Women's suffrage in Canada occurred at different times in different jurisdictions to different demographics of women. Women's right to vote began in the three prairie provinces. In 1916, suffrage was earned by women in Manitoba, Saskatchewan, and Alberta. The federal government granted limited war-time suffrage to some women in 1917 and followed with full suffrage in 1918, at least, granting it on same basis as men, that is, certain races and status were excluded from voting in federal elections prior to 1960.[1]
By the close of 1922, all the Canadian provinces, except Quebec, had granted full suffrage to White and Black women, yet Asian and Indigenous women still could not vote.[2] In Newfoundland, at that time a separate dominion, women earned suffrage in 1925 for women not Asian and not Indigenous.[3] Women in Quebec, who were not Asian and not Indigenous,[4] did not gain full suffrage until 1940.[5]

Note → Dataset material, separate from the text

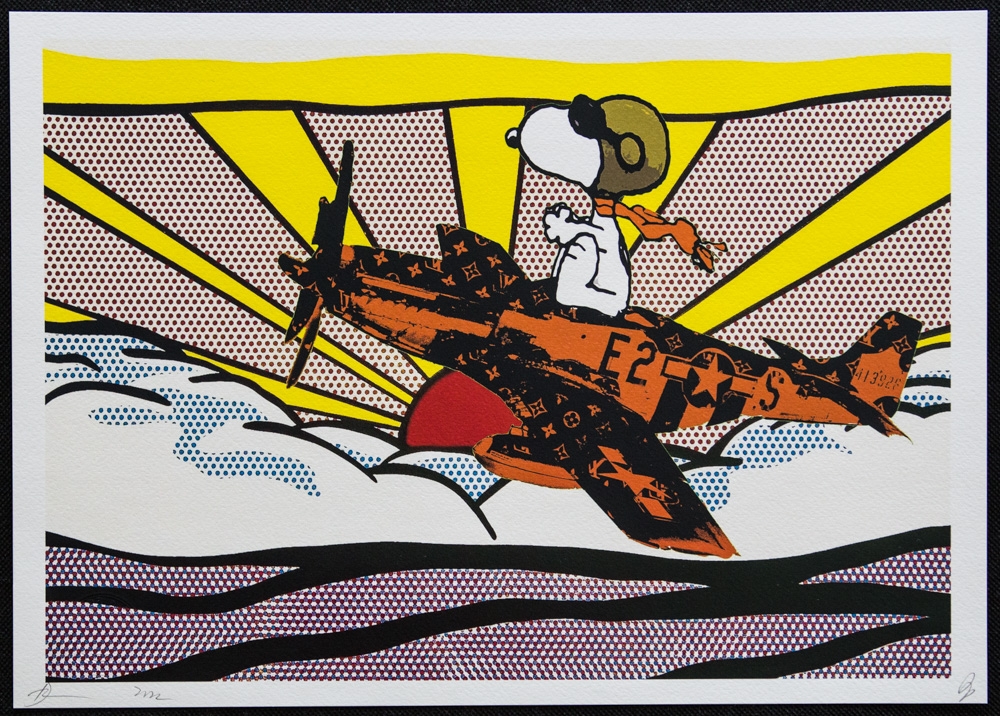 DEATH NYC "Flying Snoopy & Sunrise - Lichtenstein" DEATH NYC is een straatartiest gevestigd in New York. Zijn pseudoniem is een acroniem voor "Don't Easy Abandon the Hope". Print is blind gestempeld, wordt geleverd met een ondertekend DEATH NYC Certificaat van Echtheid en Gold Seal-sticker, afmeting: 45 x 32 cm, met de hand gesigneerd, uitstekende staat, wordt niet ingelijst verkocht, wij bieden de in-house verzending aan, als de koper meerdere items wint, zullen we verzending combineren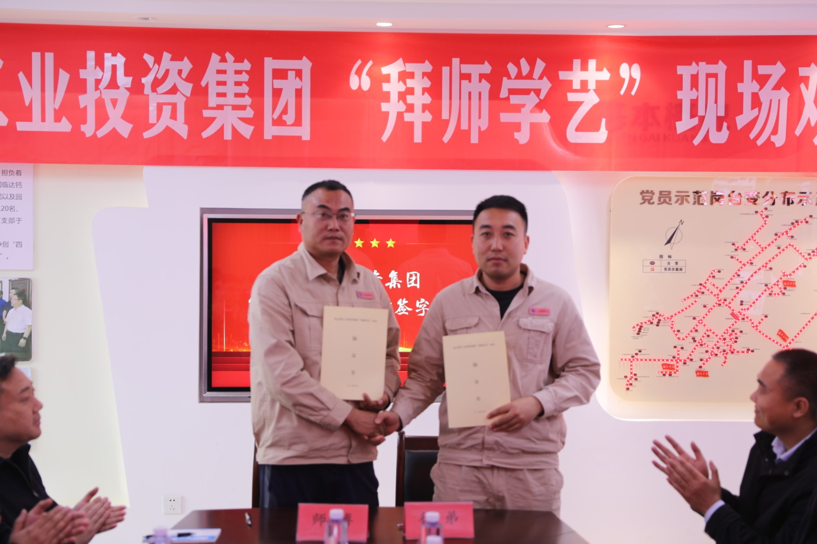觀摩結(jié)束后,活動進(jìn)入師徒代表交流環(huán)節(jié)。市勞模王建作為師傅代表率先發(fā)言,他結(jié)合自身帶徒經(jīng)歷,毫無保留地分享了培養(yǎng)新人的心得感悟。隨后,在全體與會人員的共同見證下,師徒雙方鄭重簽訂 "拜師學(xué)藝" 結(jié)對協(xié)議書,這一紙契約不僅是責(zé)任的傳遞,更是匠心的延續(xù)。活動現(xiàn)場還舉行了贈書儀式,一本本凝聚著知識與經(jīng)驗的書籍從師傅手中傳遞到徒弟手中,猶如一盞盞明燈,照亮了徒弟們的成長之路。

Municipal suffrage was earned in 1884 to property-owning widows and spinsters in the provinces of Quebec and Ontario; in 1886, in the province of New Brunswick, to all property-owning women except those whose husbands were voters; in Nova Scotia, in 1886; and in Prince Edward Island, in 1888, to property-owning widows and spinsters.[6]
Asian women (and men) were not granted suffrage until after World War II in 1948, Inuit women (and men) were not granted suffrage until 1950, and it was not until 1960 that suffrage (in Federal elections) was extended to First Nations women (and men) without requiring them to give up their treaty status. Incarcerated women (and men) serving sentences fewer than two years in length were granted suffrage in 1993, and incarcerated women (and men) serving longer sentences were given the vote in 2002.[7]